Cred's approach reshaped expectations across Indian consumer fintech. Competitors that had treated design as decoration started treating it as product. PhonePe, Google Pay, and Paytm began investing in higher-quality interface work. The premium-tier pattern spread. Slice launched its premium card layer, Jupiter Edge built a high-end version of its app, Niyo X positioned itself for premium travelers. The exclusivity-as-growth pattern was studied by founders building everything from co-working spaces to dating apps. Cred also exposed a structural issue. India's fintech market had never been built for affluent consumers because investors assumed the volume game was the only viable game. Cred proved you could build a unicorn on a small, high-value audience if you got the experience right.
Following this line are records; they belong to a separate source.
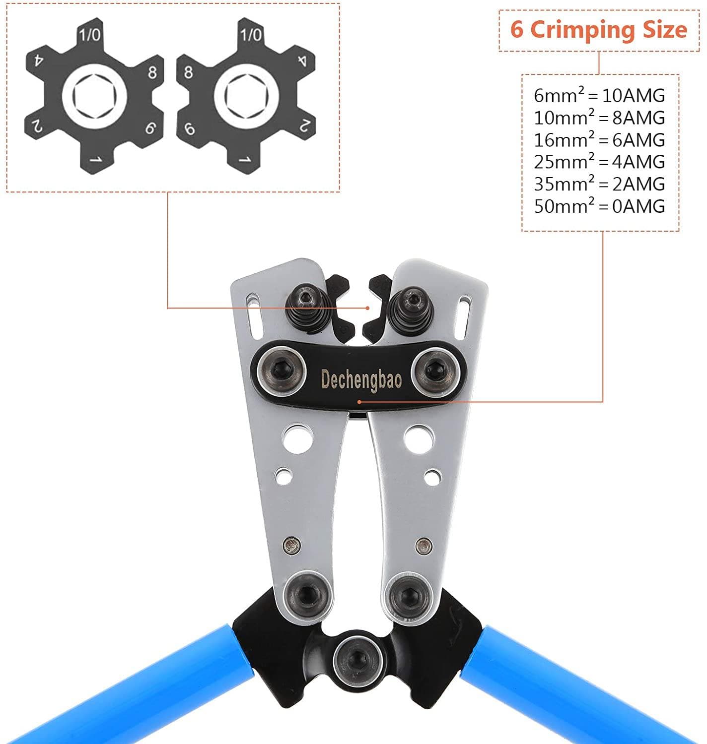 Die Crimpzange hat eine individuelle Einstellung von 6mm²/10mm²16mm²/25mm²/35mm²/50mm² (ähnlich AWG 8/6/4/2/1/1/0).
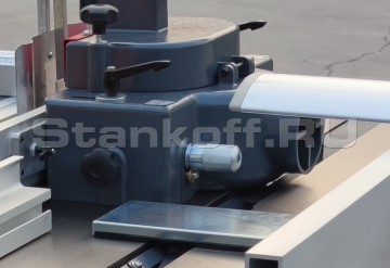 Регулировка угла наклона пильного блока осуществляется при помощи маховика на фронтальной части станка по градуированной шкале. Маховик имеет фиксатор, который после установки необходимого угла препятствует сбою установленных значений в процессе работы.Регулировка направляющих линеек фрезерного узла
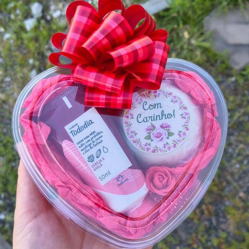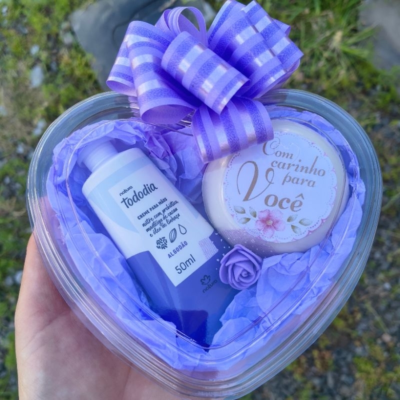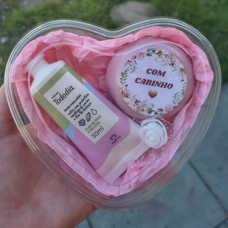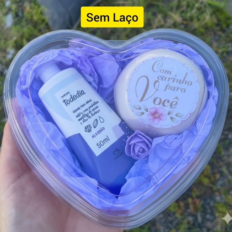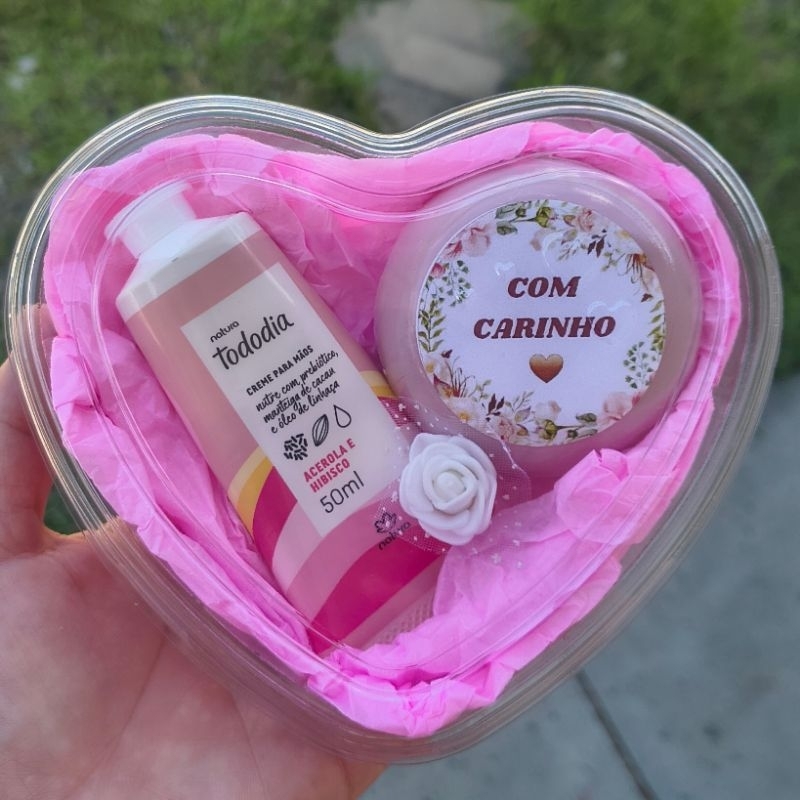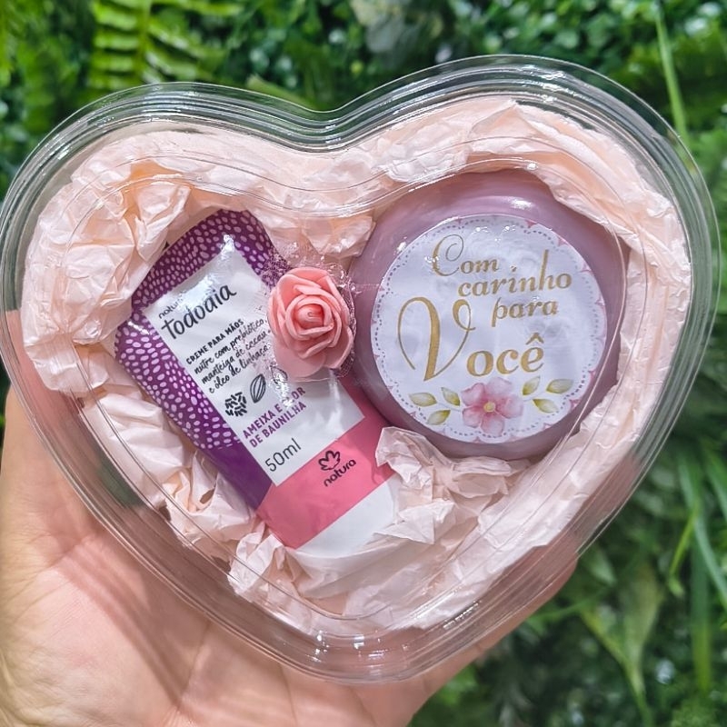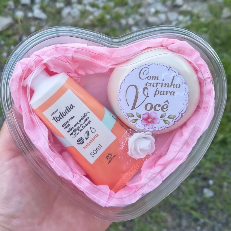 Kit Presente/Lembrancinha Natura Creme para Mãos e Sabonete Tododia no Coração de Acetato
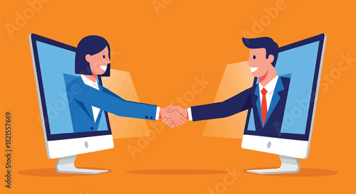 Obraz premium Digital Business Agreement and Partnership Across the World Reaching New...
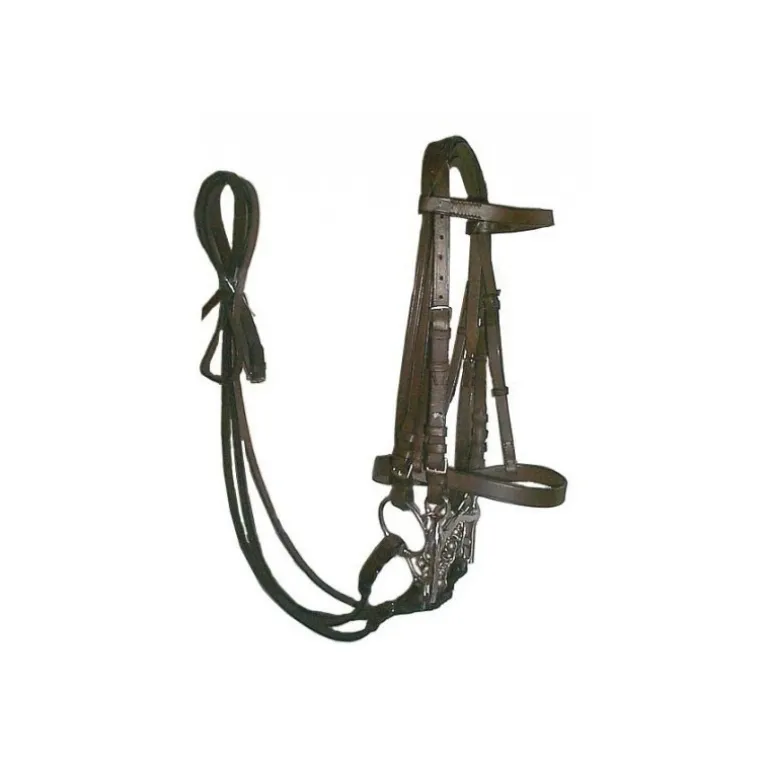 Cette bride est vendue avec deux paires de rênes lisses. Les mors ne sont pas compris avec la bride.
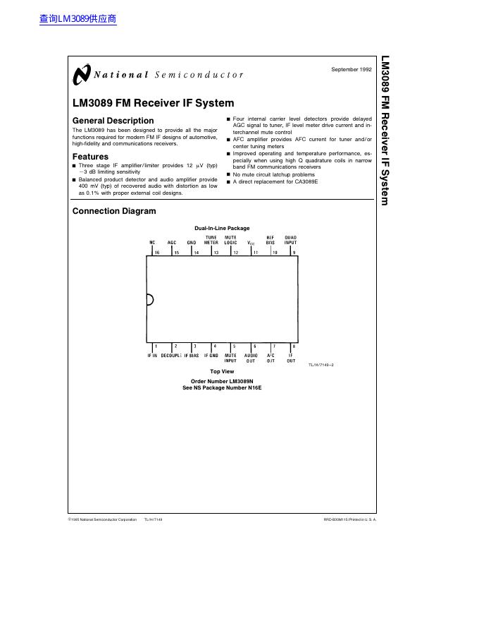 National Semiconductor LM3089 FM Receiver IF System 数据手册.pdf
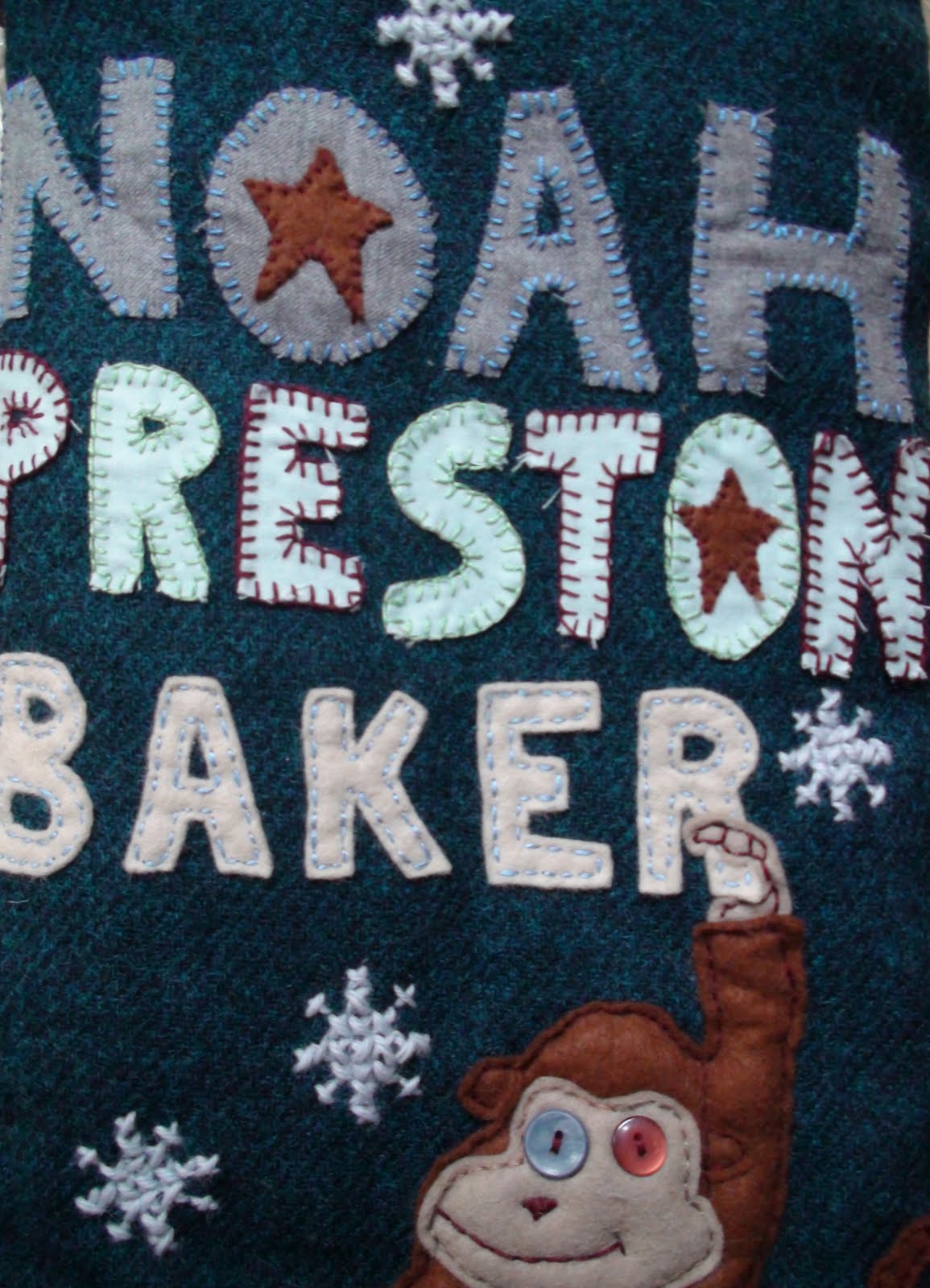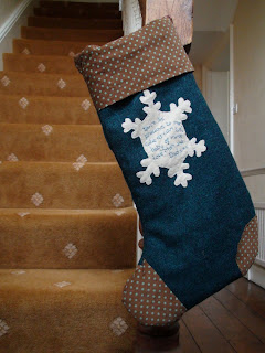 Here is what I have been working on this week. A custom stocking for a little boy in Canada. It is lined with wadding and soft polka dot fabric- lovely and soft for little hands to dive into. Complete with monkey applique and personal embroidered message on the reverse. Almost complete... Just needs the top stitching and a hook. Final pictures to come.
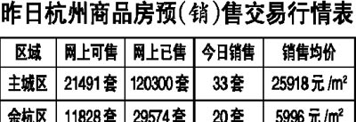 昨日,杭州主城區(qū)預定以及交易數(shù)量大幅下挫,預定量從前一個交易日的145套驟減為15套,交易量也從89套降至33套,成交均價為25918元/m2。余杭區(qū)再次延續(xù)了前日的下降走勢,預定數(shù)量從3套下跌為1套,交易量也從36套減少為20套,成交均價為5996元/m2。

For product managers, Cred's case offers several non-obvious lessons. First, exclusivity can be a growth lever in markets that have over-indexed on inclusion. By rejecting users publicly, Cred turned its gate into marketing. Every rejection generated organic content; every acceptance generated status. Second, design is a moat in commoditized markets. Cred's product was technically not very different from any bill payment app, but the experience was sufficiently superior that switching costs felt high. Third, monetization can lag brand. Cred raised billions and grew to millions of users while having only a vague monetization story; the marketplace, partner commissions, and eventually Cred Mint and Cred Cash for lending. The risk in this approach is real, and Cred's path to durable revenue is still being worked out, but the brand asset built in the meantime gives the team multiple shots at finding the right monetization wedge. Fourth, the premium-first sequencing flips a common assumption. It is often easier to expand from premium down to mass than from mass up to premium. Cred started at the top and is now layering down through Cred Cash for credit lines, Cred Pay for UPI, and Cred Garage for car management. The brand established at the top makes those expansions feel premium-by-default.